### REQUIREMENT
Look below for the line that contains "inventory and certifications: MMCX" and the line that contains "ケーティー キヨコ タカセ", then restate both of them and every line in between, exactly. No picture goes in the copy.

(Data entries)

########

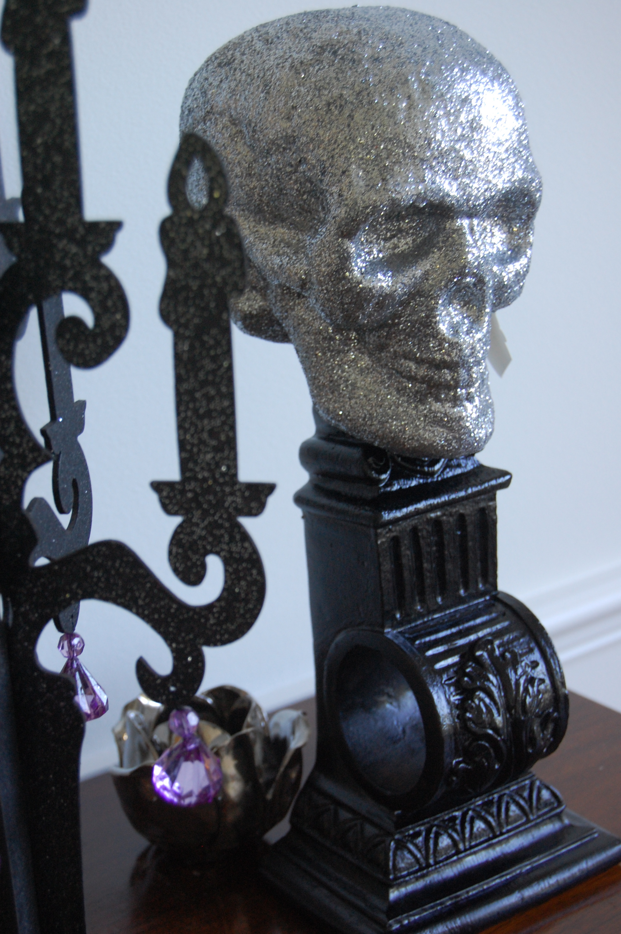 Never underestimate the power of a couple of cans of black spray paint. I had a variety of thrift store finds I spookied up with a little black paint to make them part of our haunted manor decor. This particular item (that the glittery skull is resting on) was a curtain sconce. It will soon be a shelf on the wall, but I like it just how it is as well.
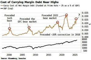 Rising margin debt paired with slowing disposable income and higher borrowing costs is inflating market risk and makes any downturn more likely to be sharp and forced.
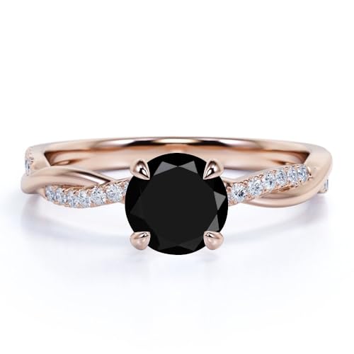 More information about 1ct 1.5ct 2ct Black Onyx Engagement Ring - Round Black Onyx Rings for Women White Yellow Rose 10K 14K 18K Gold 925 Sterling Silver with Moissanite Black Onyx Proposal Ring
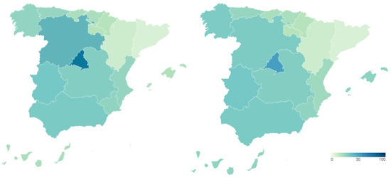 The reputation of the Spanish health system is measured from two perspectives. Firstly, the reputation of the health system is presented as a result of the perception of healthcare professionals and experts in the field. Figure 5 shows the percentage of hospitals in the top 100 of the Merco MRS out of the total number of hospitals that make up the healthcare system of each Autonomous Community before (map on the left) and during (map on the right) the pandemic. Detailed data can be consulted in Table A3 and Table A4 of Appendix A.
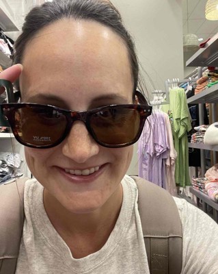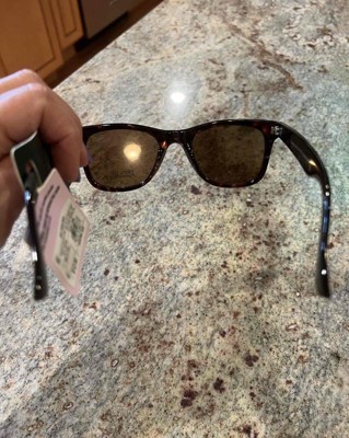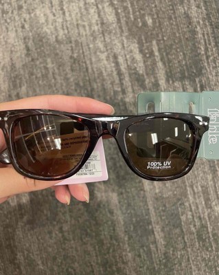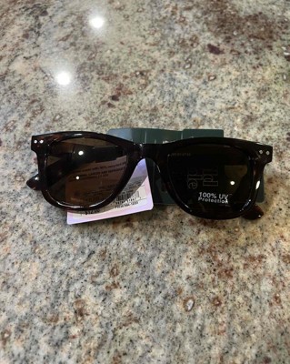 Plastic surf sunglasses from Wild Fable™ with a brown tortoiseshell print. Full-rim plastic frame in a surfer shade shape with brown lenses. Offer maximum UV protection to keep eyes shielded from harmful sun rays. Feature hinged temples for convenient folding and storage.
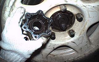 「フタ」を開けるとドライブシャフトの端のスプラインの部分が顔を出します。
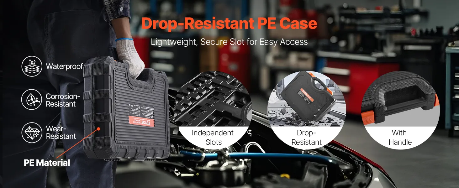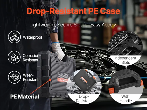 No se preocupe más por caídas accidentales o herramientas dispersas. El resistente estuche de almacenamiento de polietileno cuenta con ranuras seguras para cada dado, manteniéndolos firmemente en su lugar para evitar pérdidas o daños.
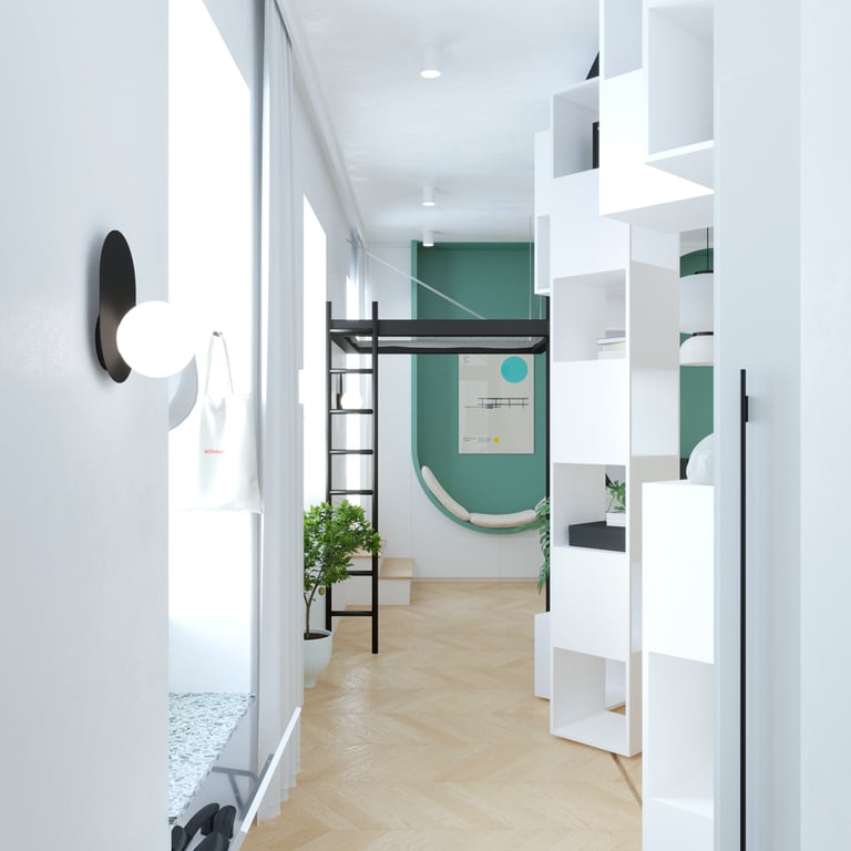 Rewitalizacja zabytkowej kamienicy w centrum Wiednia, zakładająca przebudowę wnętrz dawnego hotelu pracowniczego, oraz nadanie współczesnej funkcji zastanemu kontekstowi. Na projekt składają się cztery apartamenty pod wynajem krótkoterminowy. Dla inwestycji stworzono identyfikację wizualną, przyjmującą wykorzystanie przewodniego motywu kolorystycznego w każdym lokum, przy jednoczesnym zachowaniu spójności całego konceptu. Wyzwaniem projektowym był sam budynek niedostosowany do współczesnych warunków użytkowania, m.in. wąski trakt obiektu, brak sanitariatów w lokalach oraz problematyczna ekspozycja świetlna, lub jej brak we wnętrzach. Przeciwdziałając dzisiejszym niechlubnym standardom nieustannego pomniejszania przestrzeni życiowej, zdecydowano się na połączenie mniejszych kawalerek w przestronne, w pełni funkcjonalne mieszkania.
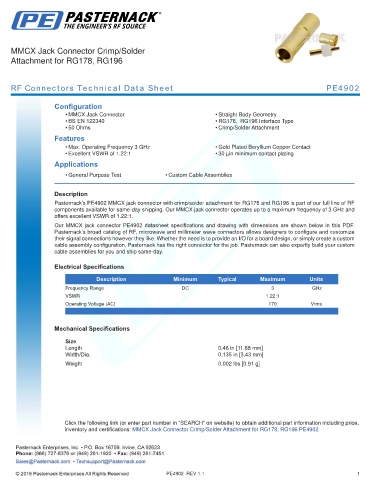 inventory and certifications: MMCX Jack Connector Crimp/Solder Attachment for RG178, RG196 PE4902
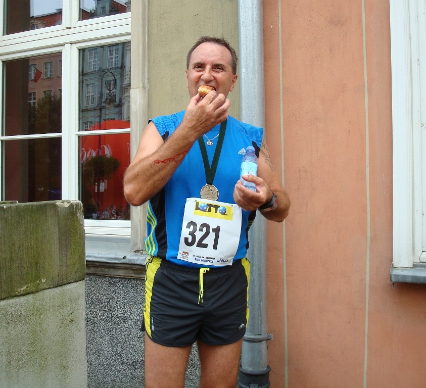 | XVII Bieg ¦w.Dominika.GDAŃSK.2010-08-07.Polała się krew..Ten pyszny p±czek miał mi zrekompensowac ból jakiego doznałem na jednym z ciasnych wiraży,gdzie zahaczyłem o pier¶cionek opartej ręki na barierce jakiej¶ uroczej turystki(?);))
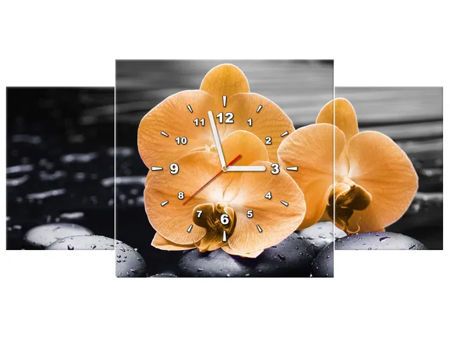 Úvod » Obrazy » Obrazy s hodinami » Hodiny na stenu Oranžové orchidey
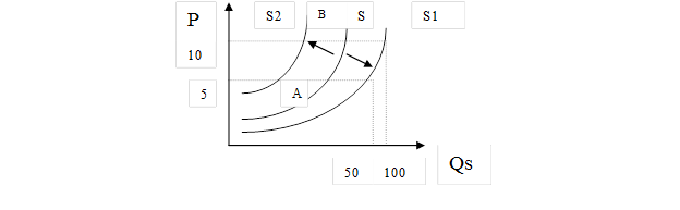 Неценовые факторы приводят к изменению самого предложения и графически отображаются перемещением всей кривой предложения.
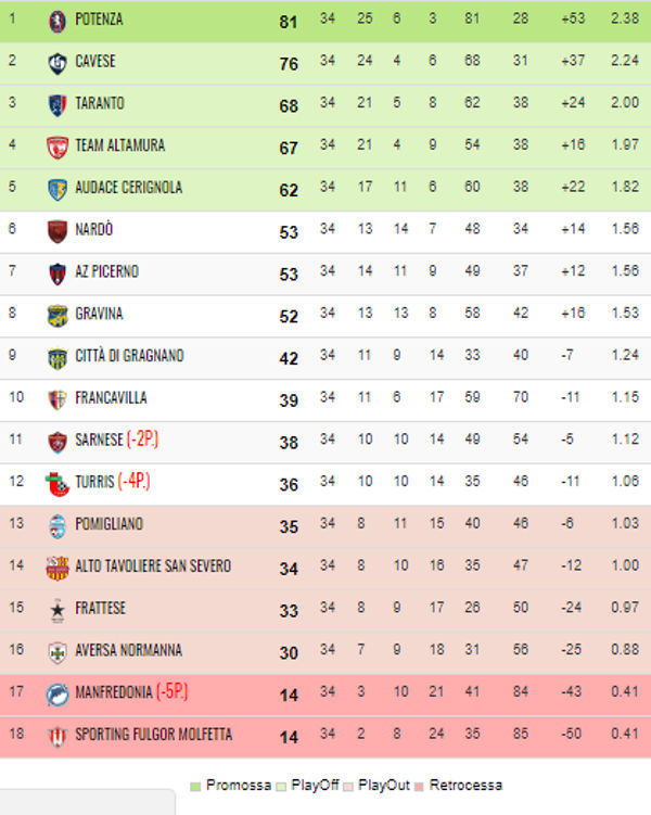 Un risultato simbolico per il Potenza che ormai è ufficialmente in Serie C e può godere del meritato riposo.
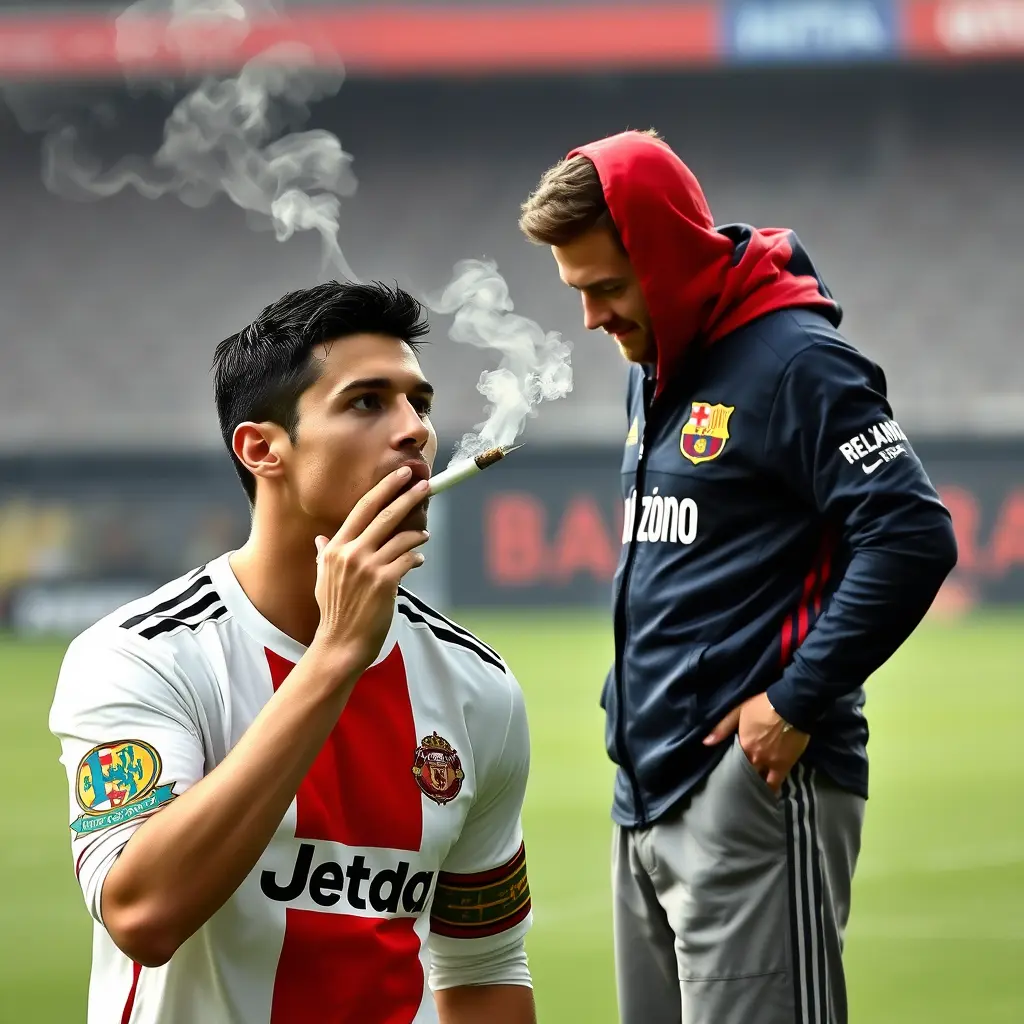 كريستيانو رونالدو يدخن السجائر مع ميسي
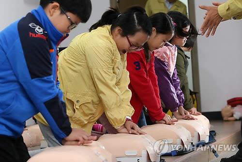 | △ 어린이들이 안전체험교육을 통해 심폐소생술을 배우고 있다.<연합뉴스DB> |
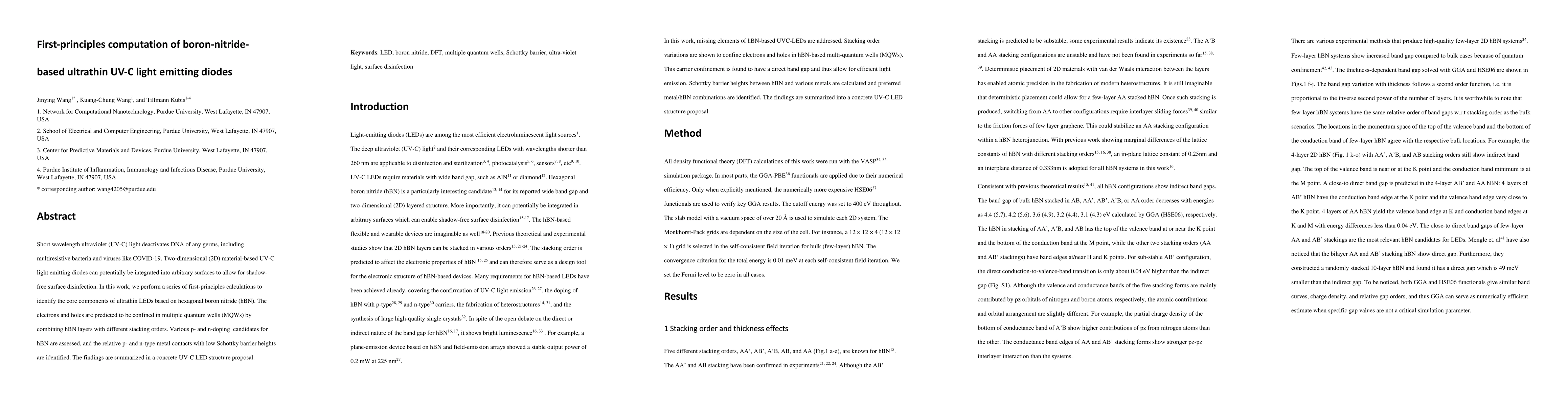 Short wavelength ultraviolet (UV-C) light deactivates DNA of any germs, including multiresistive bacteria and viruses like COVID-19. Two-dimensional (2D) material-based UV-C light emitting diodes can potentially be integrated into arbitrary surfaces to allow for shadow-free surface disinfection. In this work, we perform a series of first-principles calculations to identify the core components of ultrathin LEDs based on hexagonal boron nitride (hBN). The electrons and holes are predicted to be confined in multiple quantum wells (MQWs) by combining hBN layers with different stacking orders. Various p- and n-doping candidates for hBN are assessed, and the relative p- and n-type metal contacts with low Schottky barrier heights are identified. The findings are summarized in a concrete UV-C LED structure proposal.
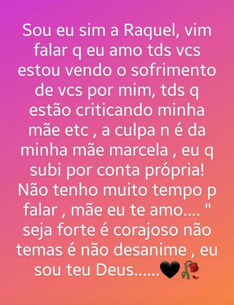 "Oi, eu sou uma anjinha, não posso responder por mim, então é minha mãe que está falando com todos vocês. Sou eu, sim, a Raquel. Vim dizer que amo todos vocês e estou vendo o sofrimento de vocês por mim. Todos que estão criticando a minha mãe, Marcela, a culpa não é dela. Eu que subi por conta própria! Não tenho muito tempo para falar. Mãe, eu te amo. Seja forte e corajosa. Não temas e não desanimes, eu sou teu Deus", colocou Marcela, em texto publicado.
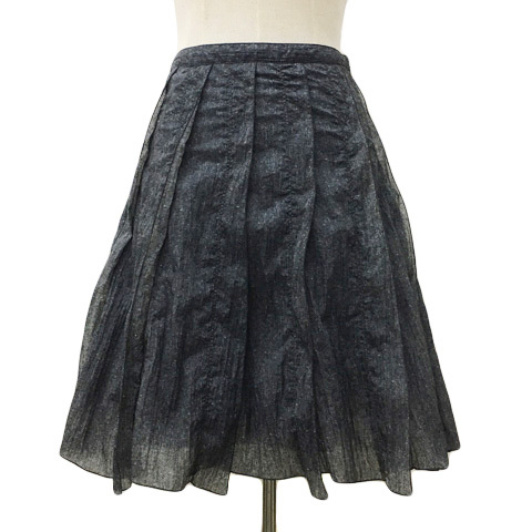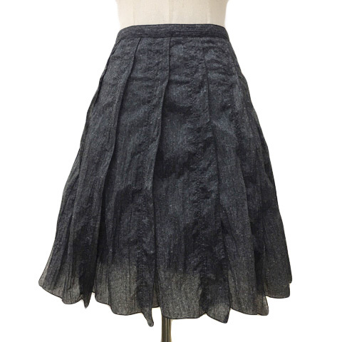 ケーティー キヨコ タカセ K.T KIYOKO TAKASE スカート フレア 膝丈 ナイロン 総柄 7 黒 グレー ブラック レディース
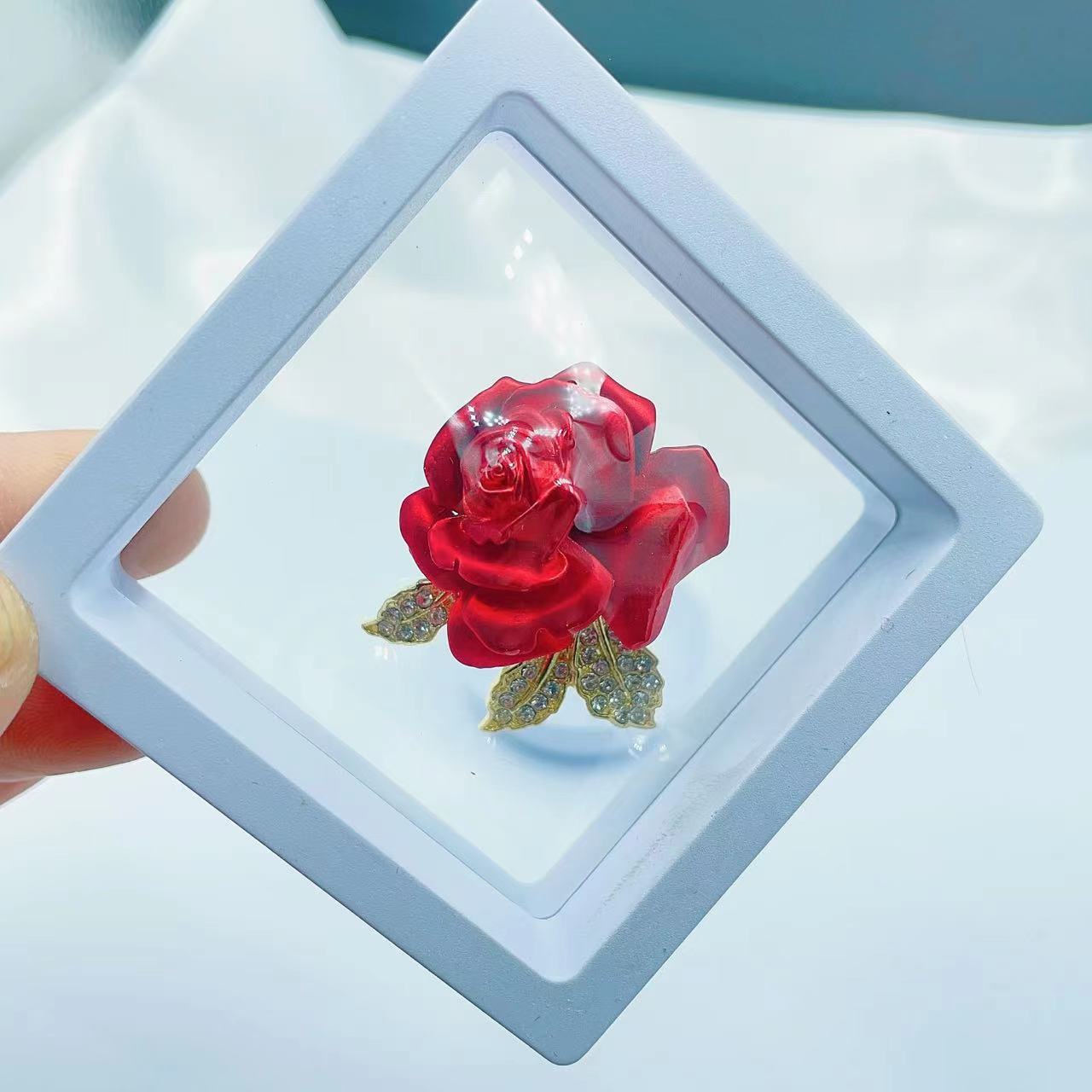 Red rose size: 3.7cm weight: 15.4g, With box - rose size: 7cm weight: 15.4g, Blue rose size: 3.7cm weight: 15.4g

########

### ANSWER SECTION
 inventory and certifications: MMCX Jack Connector Crimp/Solder Attachment for RG178, RG196 PE4902
 | XVII Bieg ¦w.Dominika.GDAŃSK.2010-08-07.Polała się krew..Ten pyszny p±czek miał mi zrekompensowac ból jakiego doznałem na jednym z ciasnych wiraży,gdzie zahaczyłem o pier¶cionek opartej ręki na barierce jakiej¶ uroczej turystki(?);))
 Úvod » Obrazy » Obrazy s hodinami » Hodiny na stenu Oranžové orchidey
 Неценовые факторы приводят к изменению самого предложения и графически отображаются перемещением всей кривой предложения.
 Un risultato simbolico per il Potenza che ormai è ufficialmente in Serie C e può godere del meritato riposo.
 كريستيانو رونالدو يدخن السجائر مع ميسي
 | △ 어린이들이 안전체험교육을 통해 심폐소생술을 배우고 있다.<연합뉴스DB> |
 Short wavelength ultraviolet (UV-C) light deactivates DNA of any germs, including multiresistive bacteria and viruses like COVID-19. Two-dimensional (2D) material-based UV-C light emitting diodes can potentially be integrated into arbitrary surfaces to allow for shadow-free surface disinfection. In this work, we perform a series of first-principles calculations to identify the core components of ultrathin LEDs based on hexagonal boron nitride (hBN). The electrons and holes are predicted to be confined in multiple quantum wells (MQWs) by combining hBN layers with different stacking orders. Various p- and n-doping candidates for hBN are assessed, and the relative p- and n-type metal contacts with low Schottky barrier heights are identified. The findings are summarized in a concrete UV-C LED structure proposal.
 "Oi, eu sou uma anjinha, não posso responder por mim, então é minha mãe que está falando com todos vocês. Sou eu, sim, a Raquel. Vim dizer que amo todos vocês e estou vendo o sofrimento de vocês por mim. Todos que estão criticando a minha mãe, Marcela, a culpa não é dela. Eu que subi por conta própria! Não tenho muito tempo para falar. Mãe, eu te amo. Seja forte e corajosa. Não temas e não desanimes, eu sou teu Deus", colocou Marcela, em texto publicado.
 ケーティー キヨコ タカセ K.T KIYOKO TAKASE スカート フレア 膝丈 ナイロン 総柄 7 黒 グレー ブラック レディース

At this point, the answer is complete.